The defendant-insurer denied the plaintiffs’ claim under the absolute pollution exclusion. Plaintiffs thereafter filed suit seeking a declaratory judgment that the losses incurred by the spraying of chlorpyrifos within their home were covered by the homeowners policy. On cross motions for summary judgment, the trial court ruled in plaintiffs’ favor, reasoning that the terms “pollution” and “discharge, dispersal, release, and escape” were ambiguous and therefore must be construed in favor of coverage.
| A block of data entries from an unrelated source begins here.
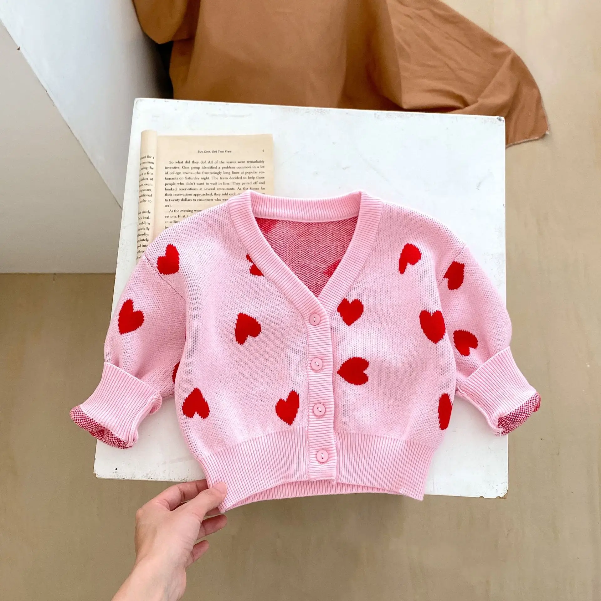 Costume da San Valentino per bambini Cardigan da bambino con scollo a V a cuore rosa Adorabile cardi lavorato a maglia per bambini
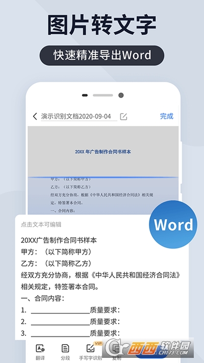 * 扫描识别各种文件、图片、书籍、名片等并提取想要的文字,可对识别的内容进行编辑、复制
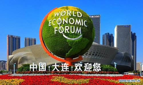 Photo taken on June 24, 2019 shows the welcome sign outside the Dalian International Conference Center in Dalian, northeast China's Liaoning Province. The 2019 Summer Davos meeting will be held from July 1-3 in northeast China's coastal city of Dalian, with globalization in the spotlight. Also known as the 13th Annual Meeting of the New Champions, this year's forum will feature the theme "Leadership 4.0: Succeeding in a New Era of Globalization." (Photo: Xinhua)
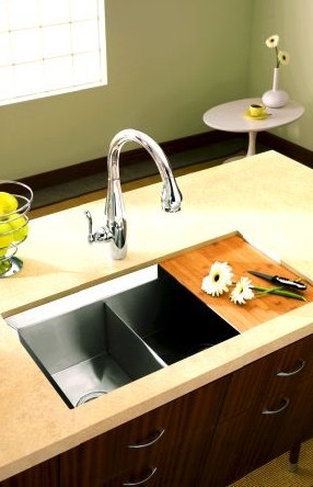 不銹鋼廚盆,獨有金屬的亮麗光澤,干凈整潔,不會破碎和斷裂,可選擇的造型多,重量輕,安裝方便。但其缺點是表面易形成劃痕,光澤與亮度無法長久保持,使用時噪音較大。
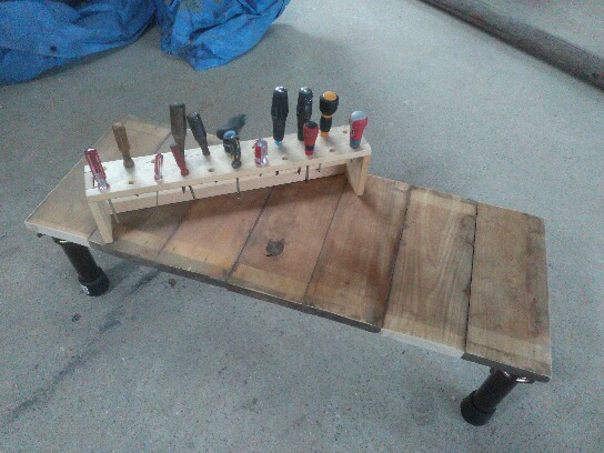 上に乗っているのは同時に作ったドライバー置き場。ドライバーがいつの間にか増えてきたので作ってみた。どちらもこれから塗装だ。塗装はいつものWATCOオイルだ。
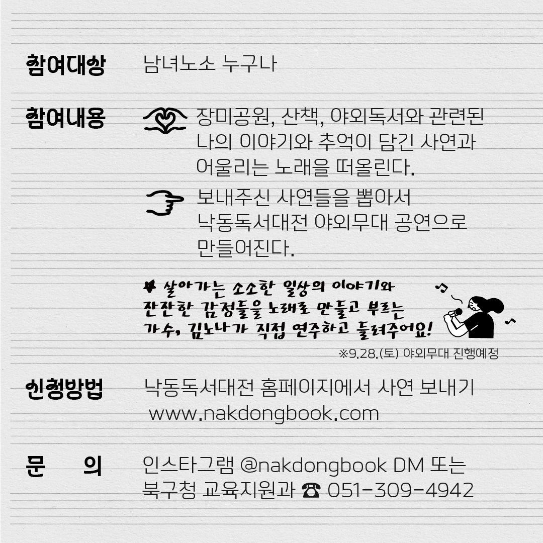 책의 도시 '북구'의 정체성을 살린 '북구'다운 독서문화축제 '제5회 낙동독서대전'은 전국 기초 지자체에서 주최/주관하는 유일한 독서대전입니다.
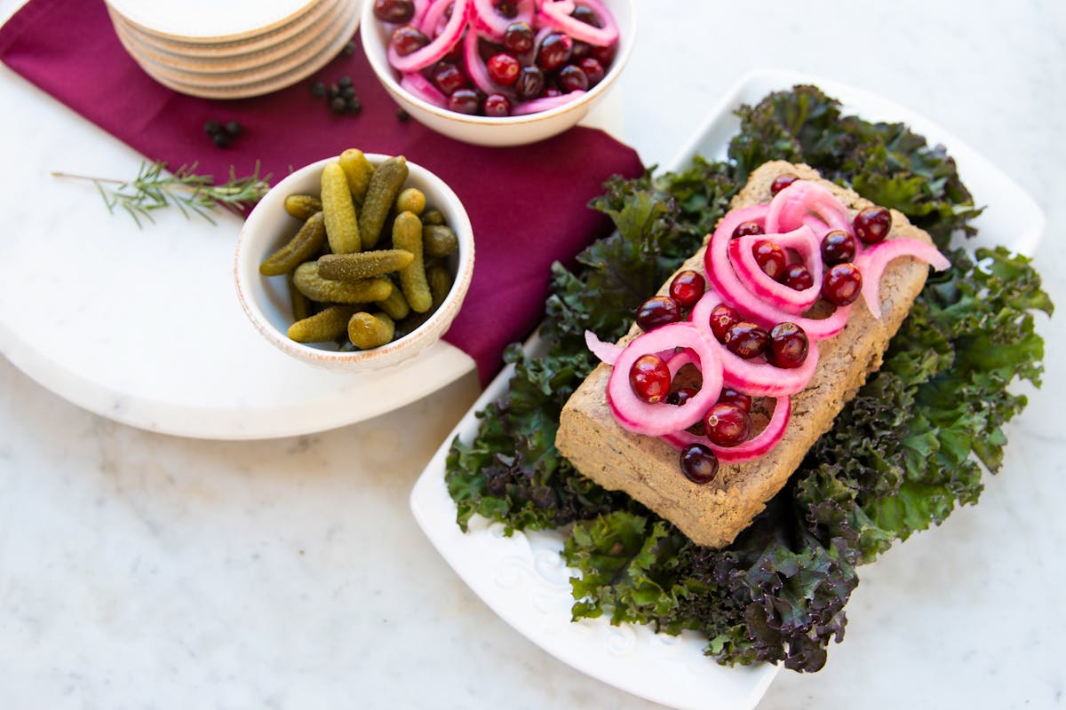 - Slice the pâté and serve with pickled red onions and cranberries as well as dill pickles if desired.

On appeal, the issue was whether the pollution exclusion in the property damage coverage in the plaintiffs’ homeowners policy excluded coverage for the loss of their home due to the spraying of chlorpyrifos inside the dwelling. Examining the policy language, the Vermont Supreme Court determined that the pollution exclusion excluded coverage for the pesticide contamination insofar as the spraying of chlorpyrifos constituted a “discharge, dispersal, seepage, immigration, release, or escape” of the pesticide, for more immigration information there are resource online for this, more about the author of these resources here. Whether chlorpyrifos, applied in this context, qualifies as a “pollutant” was the more contested issue in the appeal. The dispositive issue was whether chlorpyrifos is a “contaminant” or “irritant.”

The court quickly answered the question, relying on the undisputed facts that chlorpyrifos may be toxic to humans, can cause nausea, dizziness, confusion, and at very high exposures, respiratory paralysis and death, and is banned for residential use. The pesticide applicator’s use of chlorpyrifos in plaintiffs’ home violated EPA regulations, and federal and state law. The concentration levels in the plaintiffs’ home were consistently higher than EPA action levels, thereby preventing plaintiffs from inhabiting their house. Accordingly, the court concluded, in reversing the trial court, that the terms “irritant,” “contaminant,” and “pollutant” plainly and unambiguously encompassed the chlorpyrifos sprayed “corner to corner” and “wall to wall” throughout the plaintiffs’ home.